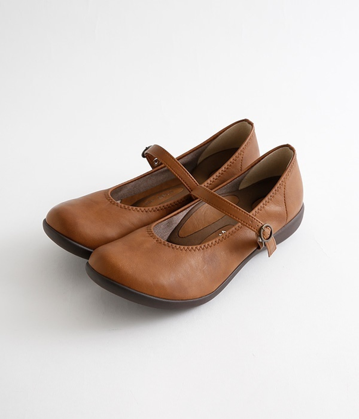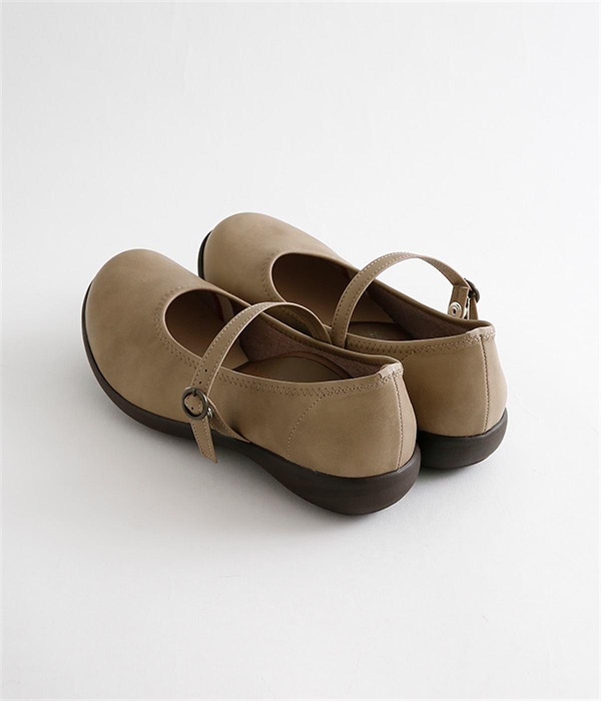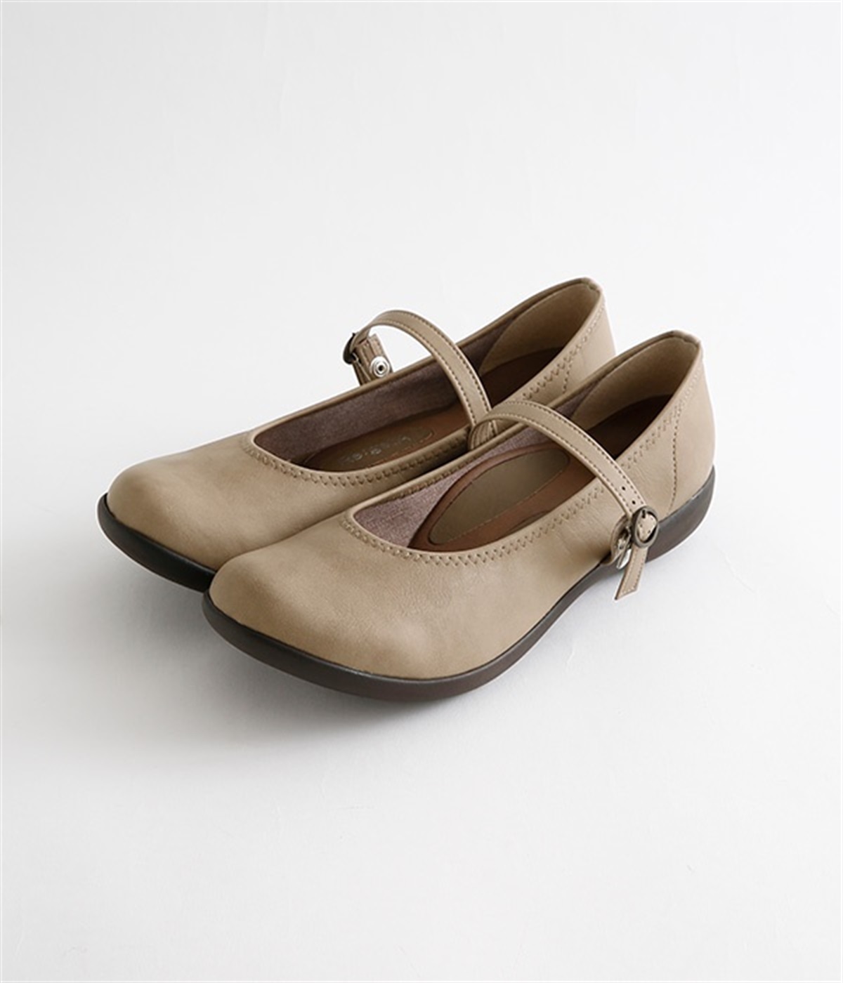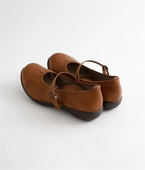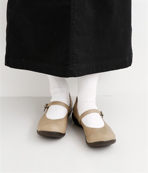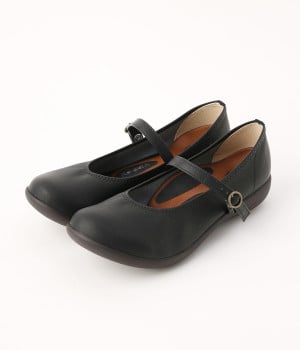 コロンとした丸みのあるフォルムがかわいらしいローヒールパンプスです。足裏のアーチに沿ってフィットするインソールが、足裏にかかる圧力を分散。長時間の歩行でも足の疲れを軽減してくれます。甲ストラップの長さはベルト穴で調節可能。ベルトの裏にはスナップボタンがあり、内側がゴム切り替え仕様なので、脱ぎはきがスムーズにできます。インソールのつま先部分に抗菌防臭素材を使っているのもうれしいポイント。
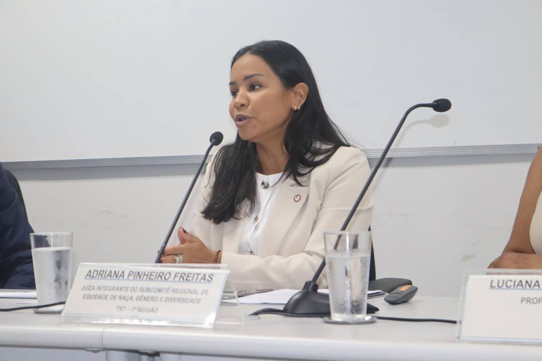 Ainda na conferência de abertura, a juíza Adriana Pinheiro Freitas, 2ª diretora de Direitos Humanos e Cidadania da AMATRA1, avaliou os dados de representatividade do TRT-1 e enfatizou a relevância da indicação da desembargadora Márcia Regina Leal Campos ao Tribunal Superior do Trabalho. Segundo ela, a proporção de apenas 13% de magistrados(as) autodeclarados(as) pretos ou pardos no TRT-1 evidencia a assimetria estrutural no acesso a cargos.
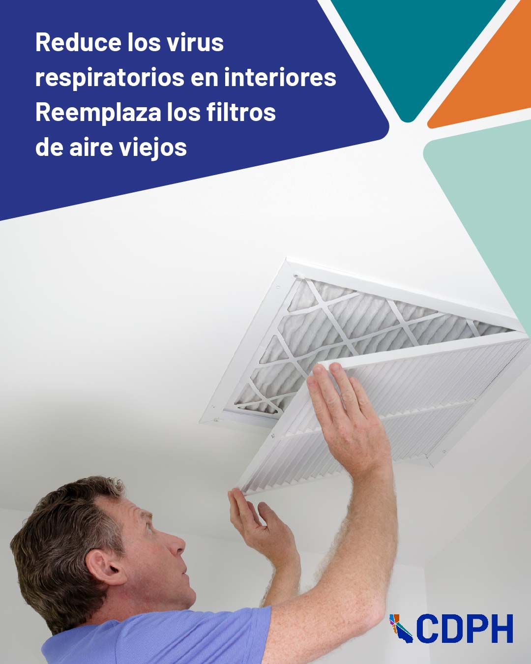 Suggested messaging: Reduce respiratory viruses (like COVID-19, flu and RSV) by replacing dirty air filters in your heating and air system. Learn more about reducing virus risk indoors: go.cdph.ca.gov/indoor-air-quality
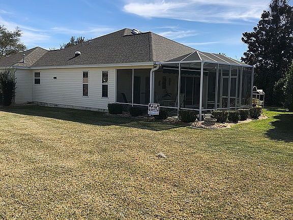 SPECTACULAR 3/2 Expanded Designer Juniper, TURNKEY with a GOLF CART, GOLF COURSE VIEW, FABULOUS OUTDOOR LIVING, Covered Lanai and Birdcage with powered awning, ROOM FOR A POOL. PRIVACY, LANDSCAPING, UPGRADES, Huge Expanded Kitchen, Large Eat In Area, Breakfast Bar, VAULTED CEILING, OPEN FLOOR PLAN, Large Master with En Suite, dual sink, large Walk In Closet, Bedroom 2 with MURPHY BED, Built Ins and Double Closet, Bedroom 3 Double Closet, Large Laundry Room, Garage with electric screen, OVERSIZED GARAGE ROOM FOR TWO CARS AND TWO GOLF CARTS, Large Pantry, Solar Tube, New Roof 2019, Quiet Cul De Sac Lot. Golf Cart 2010 Electric Club Car. Close to Lake Sumter Landing, Laurel Manor Regional Recreation Center, Palmer Legends Country Club and Championship Golf Course, Southern Trace Shopping and Restaurants, Library, Softball Park. PLEASE WATCH OUR VIDEO OF THIS FANTASTIC PROPERTY! Call today for your private or virtual showing.

### Your assignment
Nothing but the pictures should be left out when the listing is repeated exactly.

### Solution to this problem
 コロンとした丸みのあるフォルムがかわいらしいローヒールパンプスです。足裏のアーチに沿ってフィットするインソールが、足裏にかかる圧力を分散。長時間の歩行でも足の疲れを軽減してくれます。甲ストラップの長さはベルト穴で調節可能。ベルトの裏にはスナップボタンがあり、内側がゴム切り替え仕様なので、脱ぎはきがスムーズにできます。インソールのつま先部分に抗菌防臭素材を使っているのもうれしいポイント。
 Ainda na conferência de abertura, a juíza Adriana Pinheiro Freitas, 2ª diretora de Direitos Humanos e Cidadania da AMATRA1, avaliou os dados de representatividade do TRT-1 e enfatizou a relevância da indicação da desembargadora Márcia Regina Leal Campos ao Tribunal Superior do Trabalho. Segundo ela, a proporção de apenas 13% de magistrados(as) autodeclarados(as) pretos ou pardos no TRT-1 evidencia a assimetria estrutural no acesso a cargos.
 Suggested messaging: Reduce respiratory viruses (like COVID-19, flu and RSV) by replacing dirty air filters in your heating and air system. Learn more about reducing virus risk indoors: go.cdph.ca.gov/indoor-air-quality
 SPECTACULAR 3/2 Expanded Designer Juniper, TURNKEY with a GOLF CART, GOLF COURSE VIEW, FABULOUS OUTDOOR LIVING, Covered Lanai and Birdcage with powered awning, ROOM FOR A POOL. PRIVACY, LANDSCAPING, UPGRADES, Huge Expanded Kitchen, Large Eat In Area, Breakfast Bar, VAULTED CEILING, OPEN FLOOR PLAN, Large Master with En Suite, dual sink, large Walk In Closet, Bedroom 2 with MURPHY BED, Built Ins and Double Closet, Bedroom 3 Double Closet, Large Laundry Room, Garage with electric screen, OVERSIZED GARAGE ROOM FOR TWO CARS AND TWO GOLF CARTS, Large Pantry, Solar Tube, New Roof 2019, Quiet Cul De Sac Lot. Golf Cart 2010 Electric Club Car. Close to Lake Sumter Landing, Laurel Manor Regional Recreation Center, Palmer Legends Country Club and Championship Golf Course, Southern Trace Shopping and Restaurants, Library, Softball Park. PLEASE WATCH OUR VIDEO OF THIS FANTASTIC PROPERTY! Call today for your private or virtual showing.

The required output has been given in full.